His hands moved eloquently, with fierce determination as he expressed his ideas. Passersby never affected his concentration—I was amazed by how completely he shut out the world around him. He always dressed neatly, his hair trimmed, and I wondered where the important people in his life were.
His wall was on my route home—I watched for him daily. Over time, I looked forward to seeing him—he was part of my life, in a strange sort of way. He also became part of my children’s lives—M talked about him constantly, full of curiosity about a man who spent so much time public speaking.
There are apartments near the wall, there’s also a retirement community. Instinct told me that he didn’t live alone—concern made me wonder who kept an eye on him…an elderly man standing beside a busy road, speaking intensely, passionately…and completely alone.

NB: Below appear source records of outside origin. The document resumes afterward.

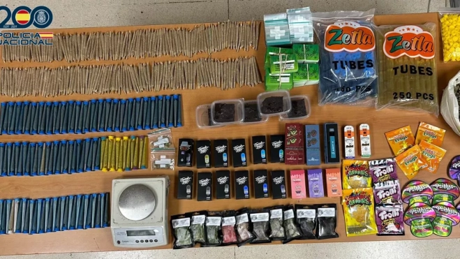 Además de los dos detenidos por los hechos expuestos, se han intervenido más de 180 cigarrillos de marihuana, medio kilogramo de cogollos de esa misma planta, alimentos como bizcochos y gominolas e incluso vapeadores que contenían el principio activo tetrahidrocannabinol (THC).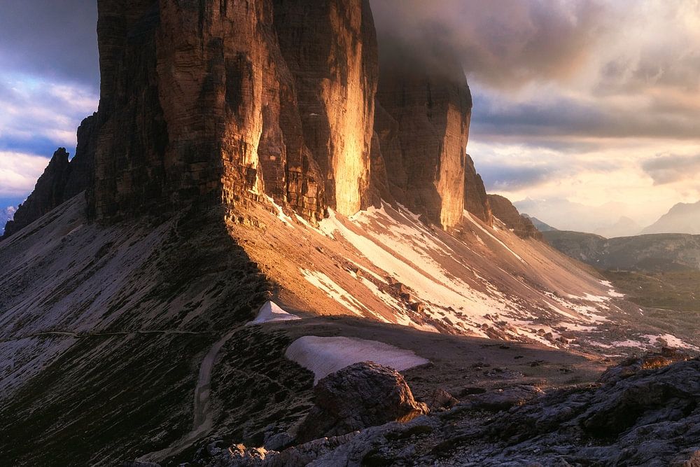 Buy this landscape artwork Golden sunset at the Three Peaks by Daniel Gastager on canvas, ArtFrame, poster and wallpaper, printed on demand in high quality.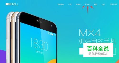 首先我们进入魅族官方网站。然后找到网页上方的Flyme,并点击进入。
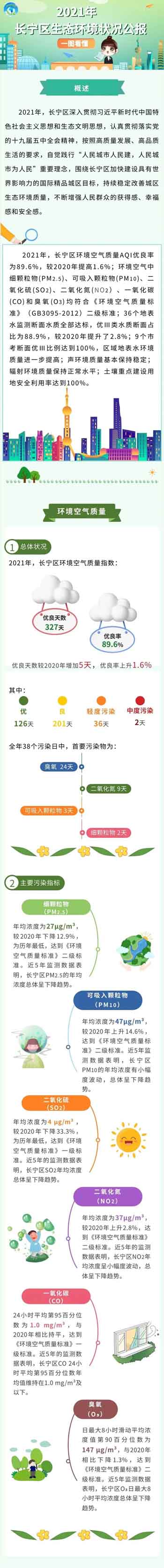 《公報》顯示,2021年,長寧區環境空氣質量AQI優良率為89.6%,較2020年上升1.6%;環境空氣質量優良天數為327天,較2020年增加5天,其中,優126天、良201天;輕度污染36天、中度污染2天,無重度和嚴重污染。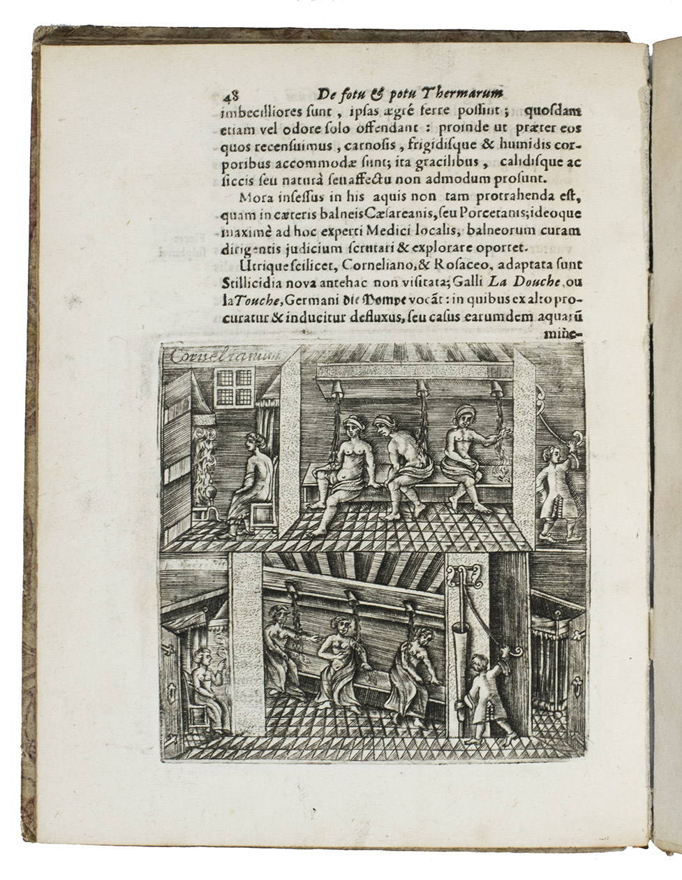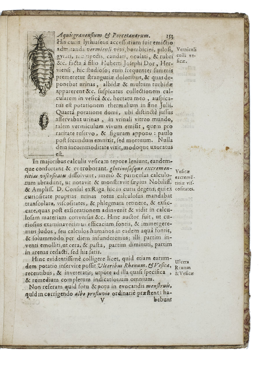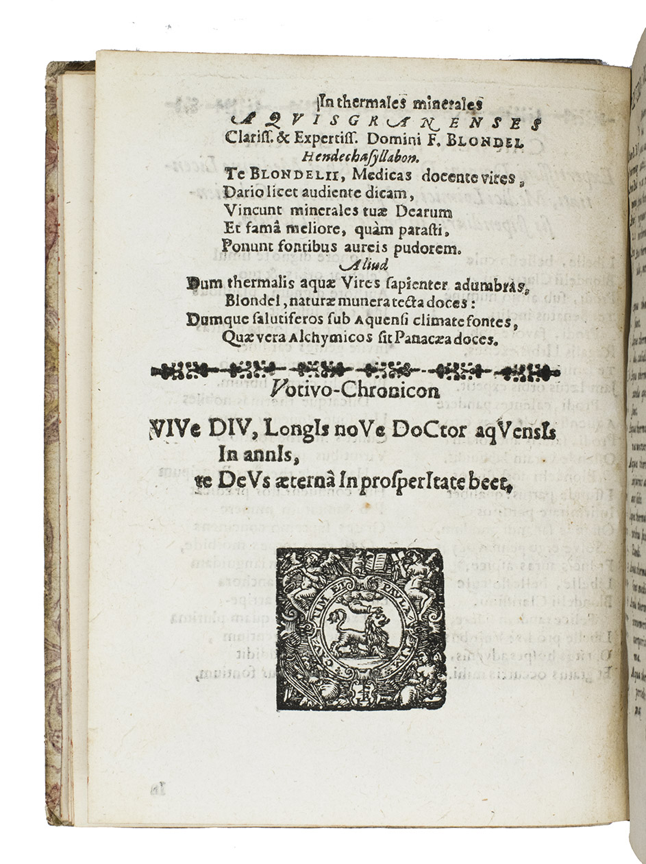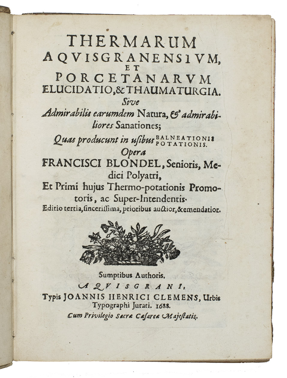 Third revised edition of Blondel's famous work on the composition and medicinal values of the sulphur springs in Aachen and Burtscheid. The Flemish doctor François Blondel (1613-1703), whose full-page engraved portrait is inserted after the table of contents, devoted his life to the promotion of the medicinal qualities of these springs. Since Roman times, the springs were known to provide relief against rheumatism, gout and scrofulous disorders. Blondel became inspector of the springs in 1666 and instituted a drinking course of the mineral water. Blondel's promotion of the springs also provided the city of Aachen, which suffered a major fire in 1656, with an important source of income.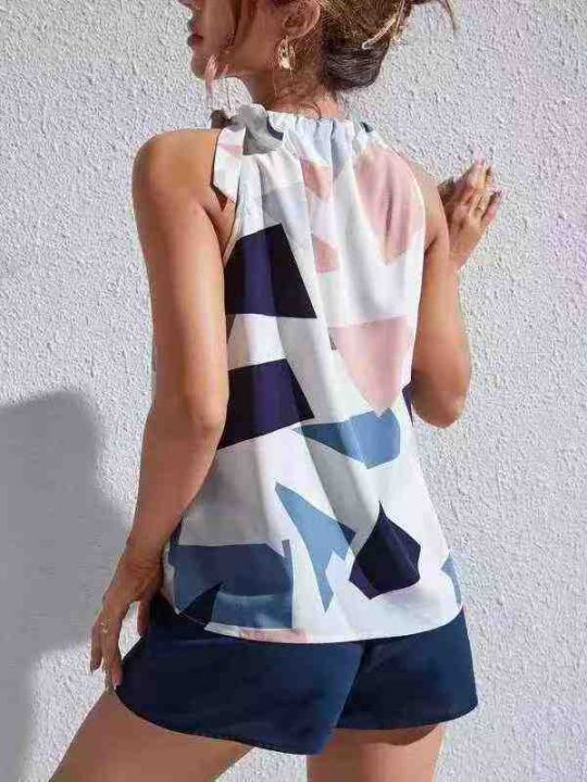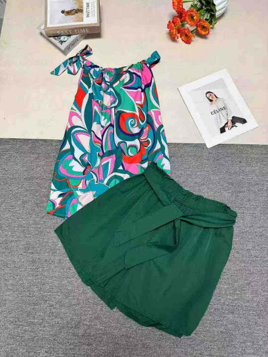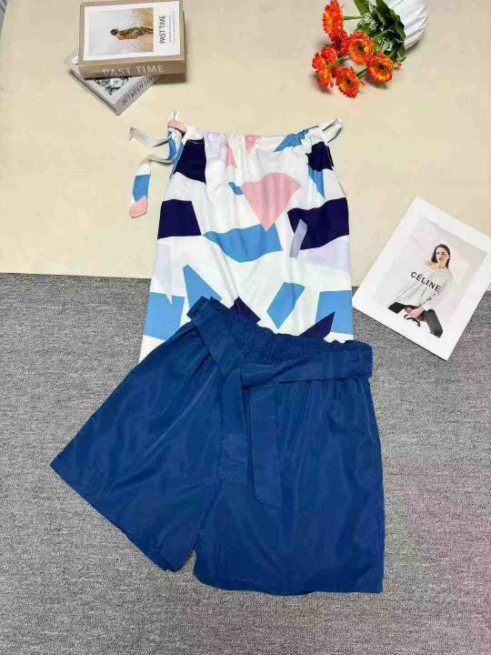 欧美外贸爆款几何印花系带无袖上衣束带短裤休闲套装 ...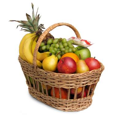 Большая корзина со свежими фруктами. В корзину входит яблоки 6 шт, груши 3 шт, виноград 1 шт, бананы 5 шт, киви 5 шт, апельсины 2 шт, ананас 1 шт, мандарины 5 шт.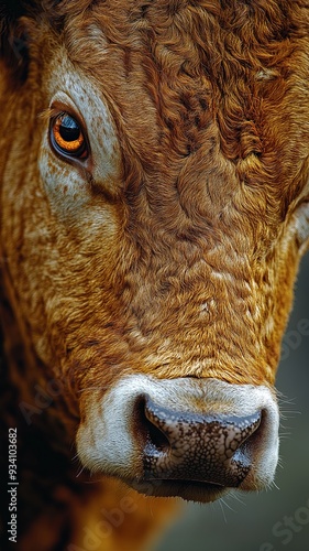 Close-up of a bull's eye, front on angle, highlighting its strong and powerful gaze

We were surprised when he quit appearing in the fall and found ourselves searching for him when we passed the wall. I worried about H1N1, wondering if he was ill. As the weeks passed, I decided that age must have made him succumb to the cold, wet winter—I assured myself that he would be back in the spring.
But still, I worried, and I knew in my heart that something had changed. The first day of spring came and went weeks ago…he’s never reappeared.
I feel sadness when I pass the wall and wish I’d taken time to hear his words. I think he must have been well-read—I could tell he was well-spoken. Who knows what he was sharing or what memories played over and over in his mind. Did his family listen to his thoughts, did anyone record them? Will the words that meant so much to him live on in perpetuity?
M and I talked about him the other day, each of us missing his presence. As we spoke, I realized that we may not have known his name or where he lived, but he’s someone we’ll never forget. Through us, part of his life retains importance, and maybe that’s all any of us can hope for…to be remembered in bits and pieces…by those we know well and those we affect without ever knowing at all.